The invention can avoid the complete breaking of the river channel in the construction process of the gate dam separation type junction, the river channel can be used for navigation when the diversion open channel is constructed, and the structure of the diversion open channel can also meet the navigation requirement of the river channel when the river channel is constructed for the water blocking and draining building.

When the diversion open channel is designed for the original river drainage, the diversion open channel is used as a part of the navigation building, so that the situation that the ship lock and the navigation wall structure of the navigation building are required to be rebuilt after the diversion open channel is excavated is avoided, and a large amount of construction period is saved.

The double-row underground diaphragm wall structure can reduce the earth excavation amount when the diversion open channel is used, reduce the land area occupied by the diversion open channel, reserve space for arrangement of other auxiliary buildings, and can play a supporting protection role on the existing buildings, so that the stability of the two-bank structure of the diversion open channel is ensured, and the damage to the original buildings such as piers, cable towers and the like on the beach is avoided.

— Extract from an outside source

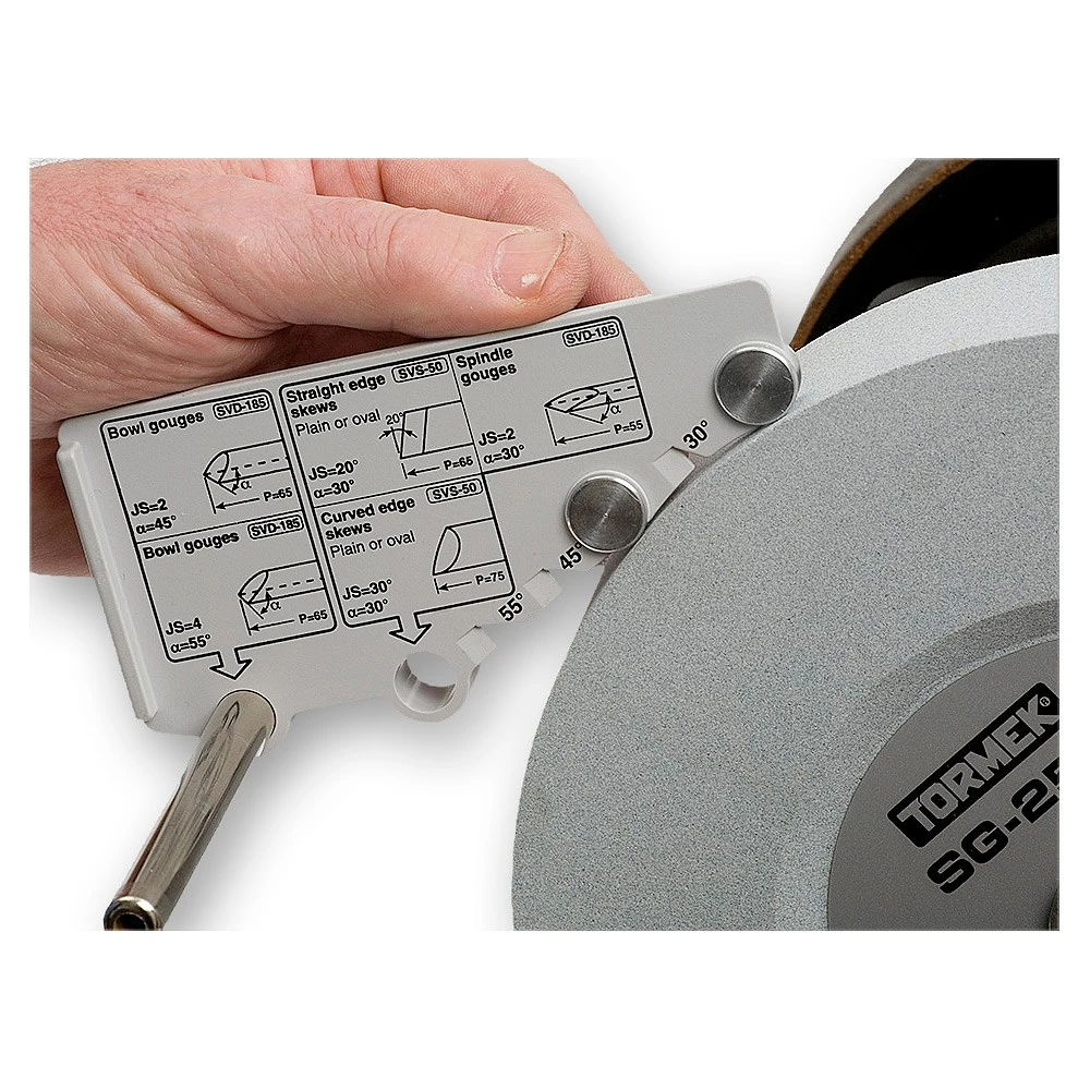 The Setter works with the TORMEK jigs SVD-185 for gouges and the SVS-50 for skews. The built in settings give you pre-determined edge geometries, which are recommended by experienced turners around the world. You do not need to worry about whether you have the right shape.

After the upstream cofferdam and the downstream cofferdam of the river construction section, flood passes through the diversion open channel, but the cross-sectional area of the diversion open channel is smaller, and the flow velocity is larger when the flood passes through the diversion open channel, so that the flood can possibly generate larger scouring problems for the downstream diversion channel after passing through the flood, thereby leading to the undercut of the river bed, and therefore, the slope protection and the bottom protection are required to be built at the bottom of the downstream diversion channel before the cofferdam, and the river bed of the downstream diversion channel is protected by utilizing the slope protection and the bottom protection.

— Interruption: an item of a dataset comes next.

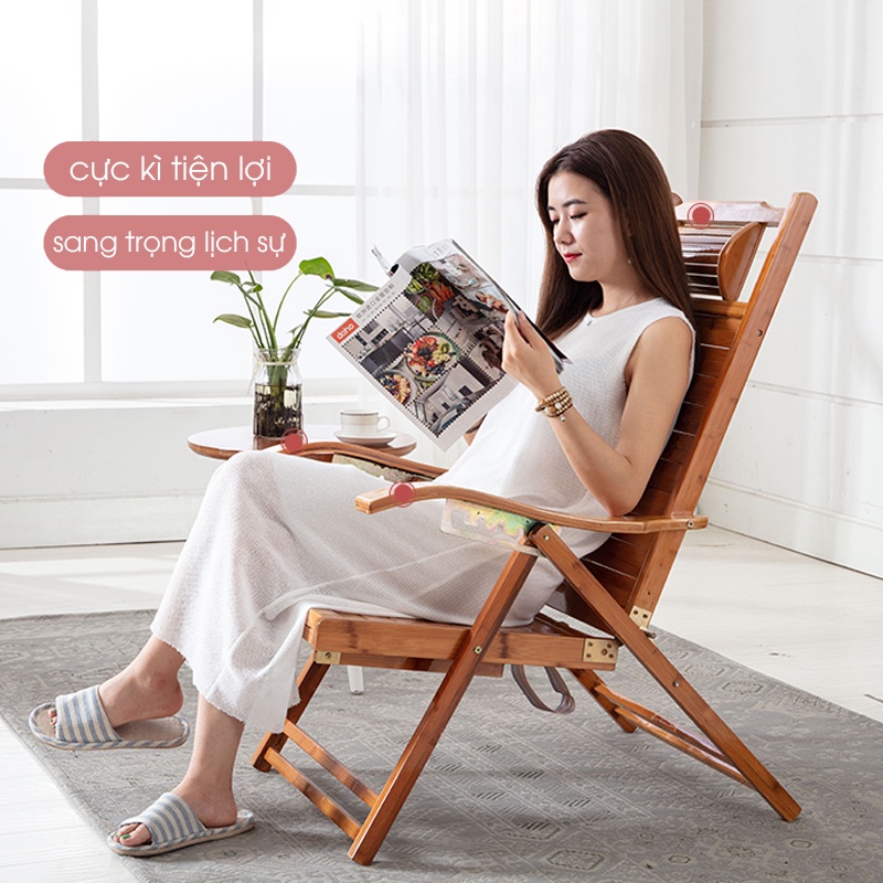 Ghế xếp thư giãn TẶNG KÈM GỐI ngủ trưa văn phòng, ghế người già tùy chỉnh góc mở kiểu dáng mây đan thoáng khí

The slope protection and the bottom protection are built and then the bottom elevation of the downstream guide channel is lifted, so that the bottom elevation of the downstream guide channel exceeds the original designed guide channel elevation, when the flood barrier drainage building can overflow, the water level of the downstream guide channel is obviously reduced, at the moment, the slope protection and the bottom protection can become underwater navigation-blocking building, if the overflow gate flow is large in the formal operation period, the ship is required to stop at the guide channel berthing section when the ship passes the gate, the ship bottom propeller can damage the slope protection or the bottom protection when the ship starts from the berthing section, and the slope protection or the bottom protection can damage the ship propeller, so that the slope protection and the bottom protection are required to be dismantled to restore the bottom elevation of the downstream guide channel.

The revetment with the bottom protection adopts mould bag concrete construction, and mould bag concrete lays simple convenient, and when demolishing, mould bag concrete builds the revetment with the bottom protection is after the water bottom is broken cutting fast, can directly draw the mould bag of mould bag concrete to the shore from the water bottom at the bank directly, compares the structure that adopts cast-in-place concrete and demolishs more conveniently, and can not cause great disturbance to the water bottom.

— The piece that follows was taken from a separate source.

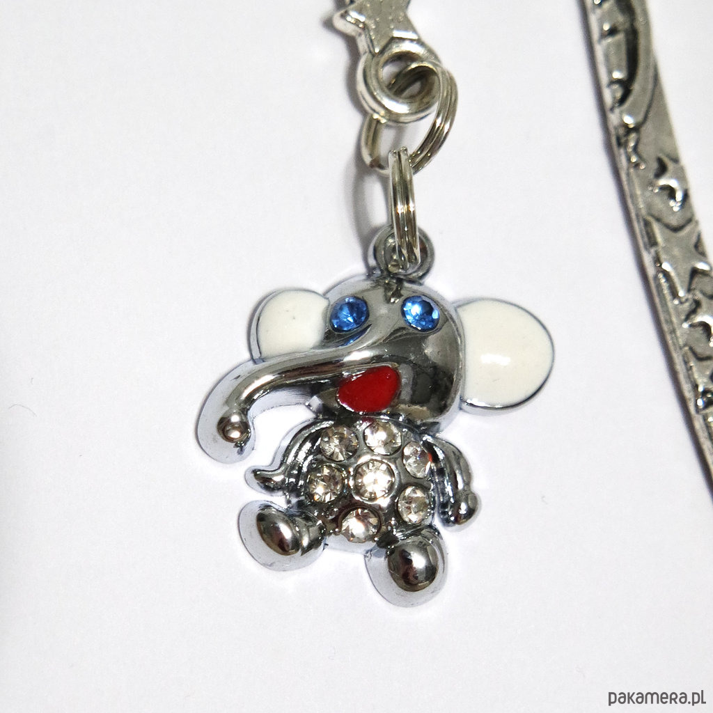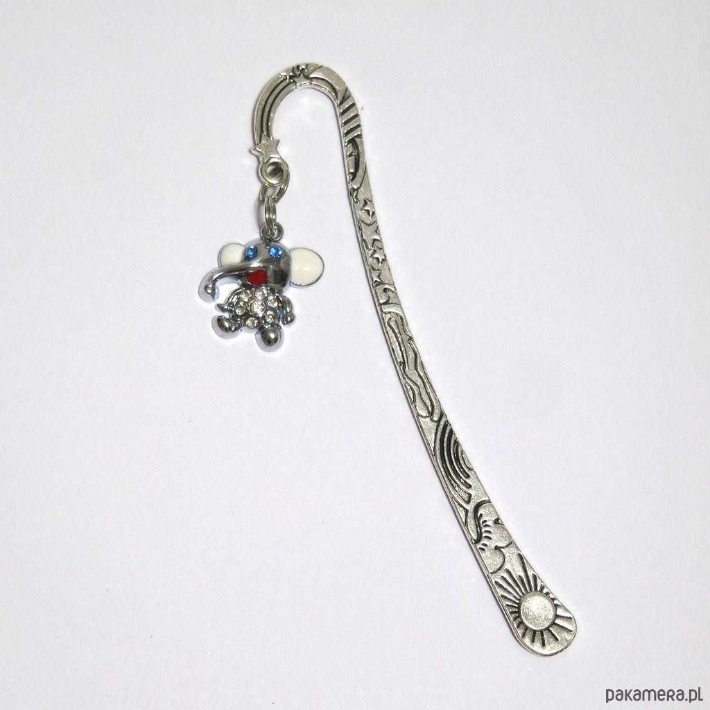Niezwykła i praktyczna zakładka do książki z zawieszką w kształcie słonika z błyszczącymi kryształkami.

Preferably, the specific construction process of the diversion open channel is as follows:

s1.1, constructing double-row underground continuous walls on the beach land of a river channel, and then excavating soil bodies between the double-row underground continuous walls on two sides of the diversion open channel to a designed elevation;

s1.2, paving a permeable bottom plate on the ground between the double-row underground continuous walls on two sides, and constructing matched auxiliary facilities of the navigation building on the water facing side of the double-row underground continuous walls;

s1.3, constructing a concrete lining on the water facing side of the double-row underground continuous wall, and filling a gap between the double-row underground continuous wall and the permeable bottom plate through the concrete lining.

When the double-row diaphragm wall is constructed, the earthwork to be excavated is mainly the grooves of each diaphragm wall and the earth between the double-row diaphragm walls, and secondary earth excavation backfilling is not needed to construct a lock chamber.

Preferably, after the construction of the auxiliary facilities of the navigation building is completed, the wall surfaces of the double-row underground continuous walls are leveled through the concrete lining.

Preferably, the auxiliary facilities of the navigation building comprise steel wood guards, a dolphin, a water gauge and a cat ladder, wherein the steel wood guards are arranged on the surface of the water facing side of the double-row underground continuous wall, and the dolphin, the water gauge and the cat ladder are embedded on the wall body of the double-row underground continuous wall.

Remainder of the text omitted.